To put costs and benefits in an optimal relationship, two strategies can be used:

  • Maximizing the intake rate:
    The focus is on quantity , for example by
    consuming less energy-consuming food, but with a higher frequency and less effort .
  • Maximizing efficiency:
    The focus is on quality , in that a greater amount of effort is put into gaining food, but the higher energy content of the food is sufficient for a longer period of time.

These models can also be extended to many other behavioral patterns. The cost-benefit analysis is also decisive for the group size: In a large group, the effort to defend against enemies is lower for the individual and the success rate in hunting through cooperation is higher, but the number of competitors also increases , which means more Time has to be spent fighting for resources. In the ideal case, an optimal mean value can be determined, on which the group size levels off and can most advantageously exist.

Examples

  • Oystercatchers prefer medium-sized mussels for their food, as there is not enough nutritional value in the small ones and the large ones are too difficult to crack.
  • Birds that live in hedges have limited food, but are safe from predators. In the open field the food supply is greater, but so is the danger of falling victim to predators. As the hunger phase increases, more and more birds decide to feed in the open field.
  • In the presence of a predator, flocks of pigeons form denser groups in order to better protect themselves from the enemy. Since this creates more competition, the groups then break up again.

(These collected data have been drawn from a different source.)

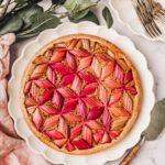 How to make a delicious geometric rhubarb tart recipe with a frangipane cream. Made with a French sweet shortcrust pastry dough filled with an easy almond cream (frangipane) and topped with fresh rhubarb.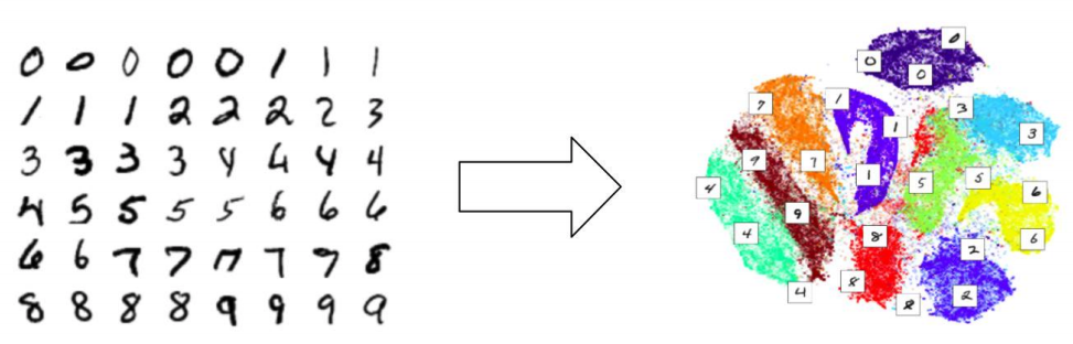 The example of classifying hand-drawn digits also illustrates how t-SNE preserves the macroscopic structure of the objects being clustered: fours look like nines, so those two clusters end up together; nines look like sevens, who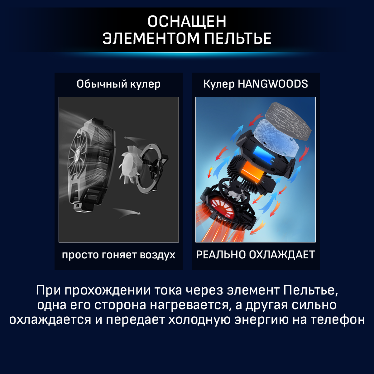 Кулер для охлаждения телефона магнитный Hangwoods, 1 штука с подсветкой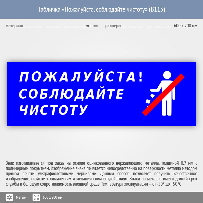 Табличка «Пожалуйста, соблюдайте чистоту», B113 (металл, 600х200 мм) в Курске купить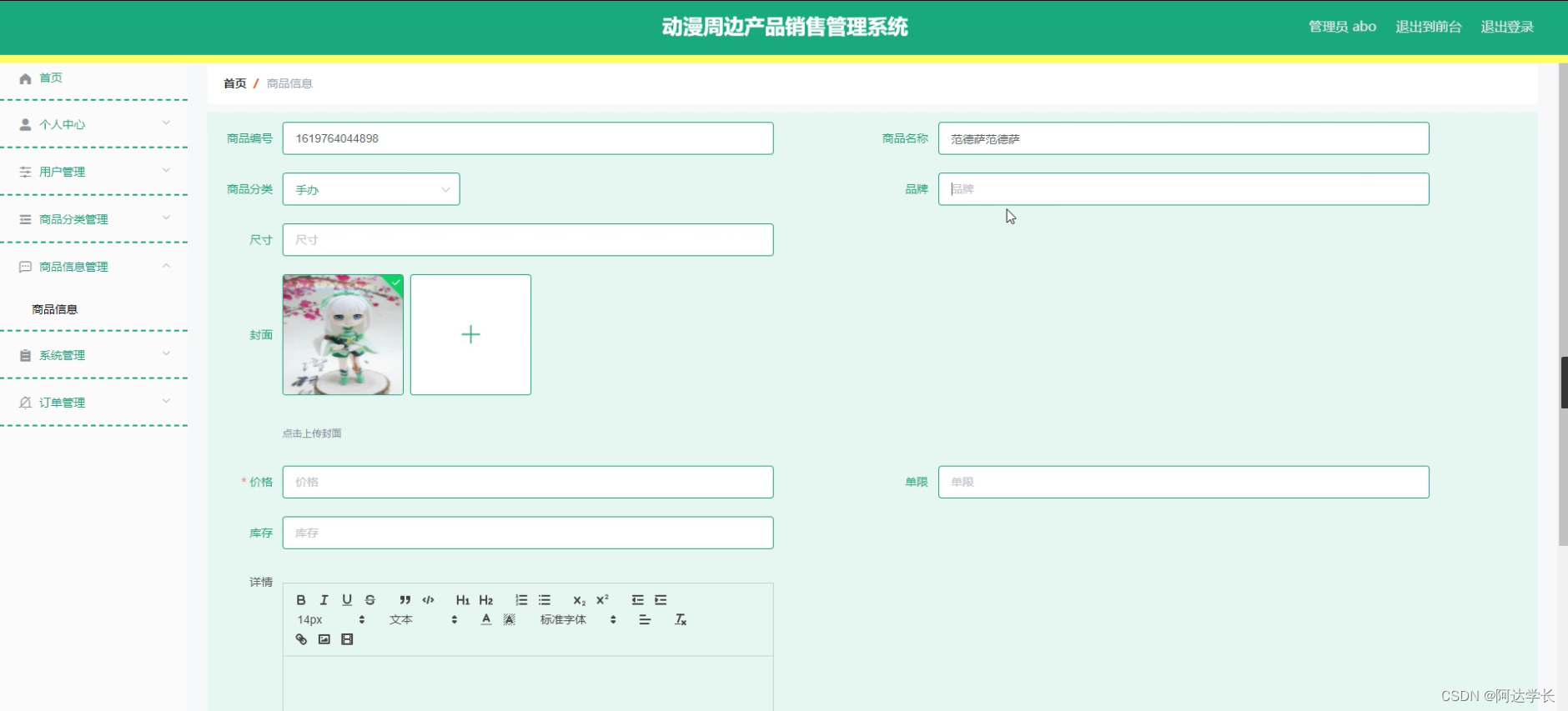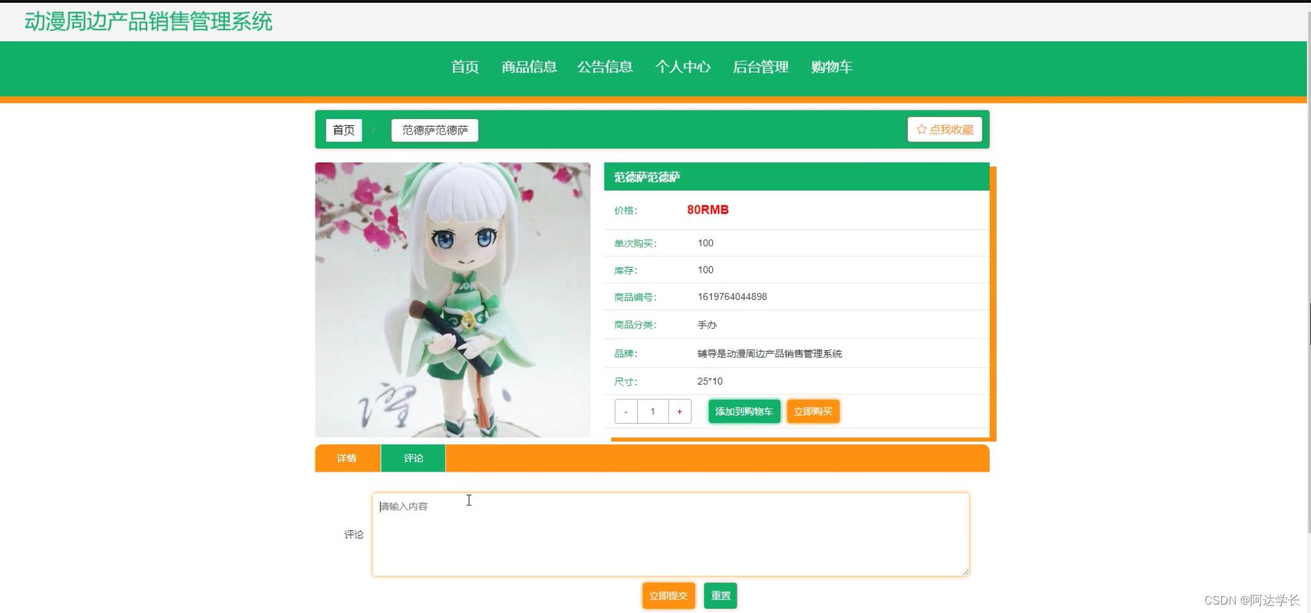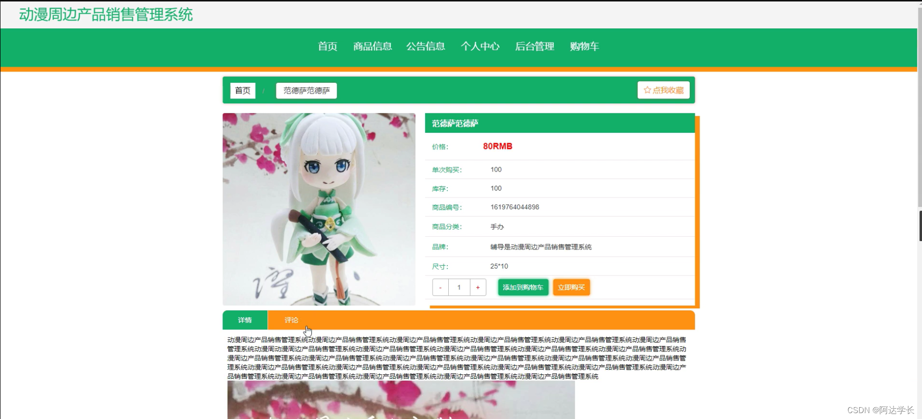 Java毕设项目动漫周边产品销售管理系统(java+VUE+Mybatis+Maven+Mysql)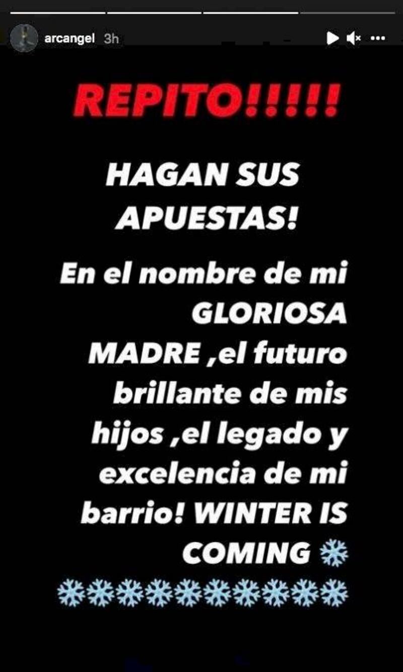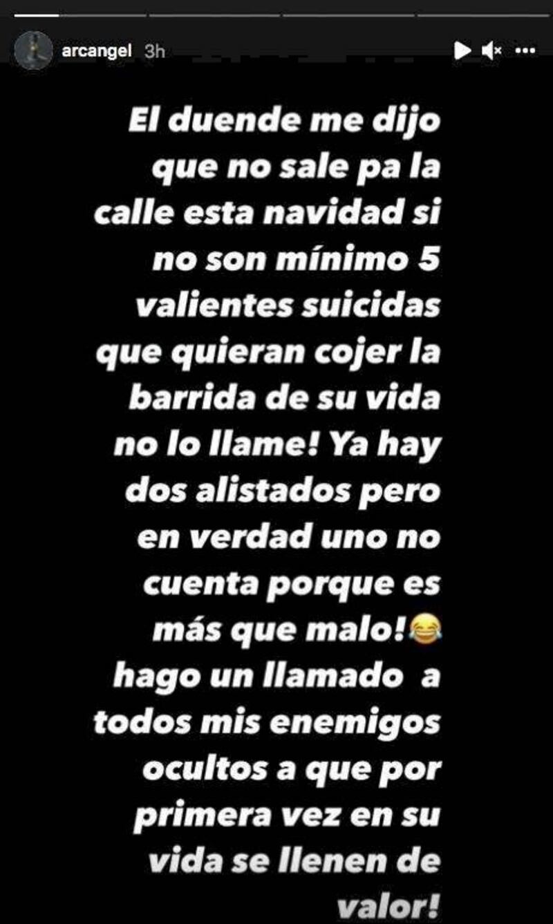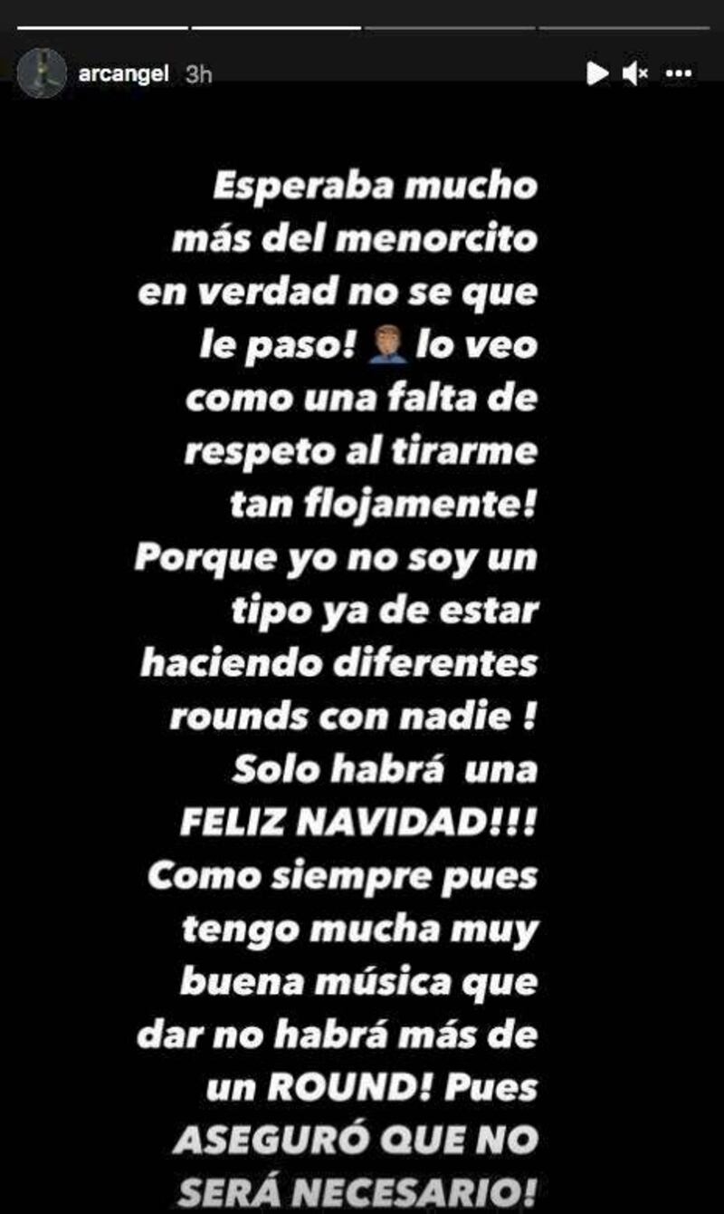 “Esperaba mucho más del menorcito en verdad no se que le pasó! Lo veo como una falta de respeto al tirarme tan flojamente Porque yo no soy un tipo ya de estar haciendo diferentes rounds con nadie! Solo habrá una FELIZ NAVIDAD!!! Comi siempre pues tengo mucha buena música que dar no habrá más de un ROUND! Pues aseguro que no será necesario (sic.)”, escribió Arcángel en su Instagram.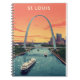 Ce carnet de St. Louis présente une illustration de style vintage de l'arc Gateway surplombant la rivière Mississippi au coucher du soleil. L'art de la couverture capture le monument emblématique et un bateau classique de la rivière, célébrant le charme historique et architectural de la ville. Ce carnet en spirale est parfait pour le journalisme, les notes, ou comme un cadeau unique pour quiconque aime l'attrait rétro de la "Porte de l'Ouest".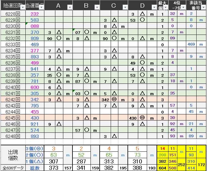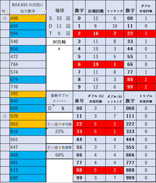 ペア数字解析データー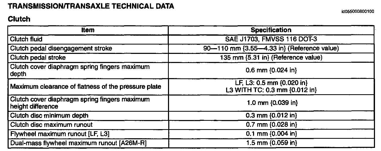 Transmission/Transaxle Technical Data Clutch:

Application to archeology and ethnology

Optimal foraging emerged from the first attempts of New Archeology in the 1970s to explain the resource use and settlement patterns of prehistoric societies by the availability or scarcity of food. The principle was formulated in a series of publications by Winterhalder and Smith in 1981. Subsequently, it found application to hunter-gatherer cultures, particularly to explain changes in resource use due to changes in environmental factors. Examples are the introduction of millstones in the cultural area of ​​the Great Basin in western North America . Due to increasing drought in the Middle Holocene , the inhabitants had to switch from large tree seeds such as acorns to food plants with smaller seeds, especially grasses. Members of the Numic branch of the Uto-Aztec language family proved to be more adept at using this new technology and prevailed. Their descendants still inhabit the region today.

A differentiated consideration of costs and benefits must be applied. If Cree Indians traditionally hunt beavers with considerable effort in spring , even though the hunt for caribous would more easily produce much larger quantities of meat at this time of the year, this is explained by the fact that beavers have a much higher fat content at this time.

literature

  • Winterhalder, B. and Smith, EA (Eds.) (1981). Hunter-gatherer foraging strategies . Chicago: University of Chicago Press.

Web links

Individual evidence

  1. This chapter is based on: David R. Yesner: Ecology in Archeology . In: R. Alexander Bentley, Herbert DG Maschner, Christopher Chippindale: Handbook of Archaeological Theories . Altamira Press, 2008, ISBN 978-0-7591-0032-9 , p. 39-56, 46f.
  2. ^ R. Alexander Bentley et al .: Darwinian Archaeologies . In: R. Alexander Bentley, Herbert DG Maschner, Christopher Chippindale: Handbook of Archaeological Theories . Altamira Press, 2008, ISBN 978-0-7591-0032-9 , p. 109-132, 119f.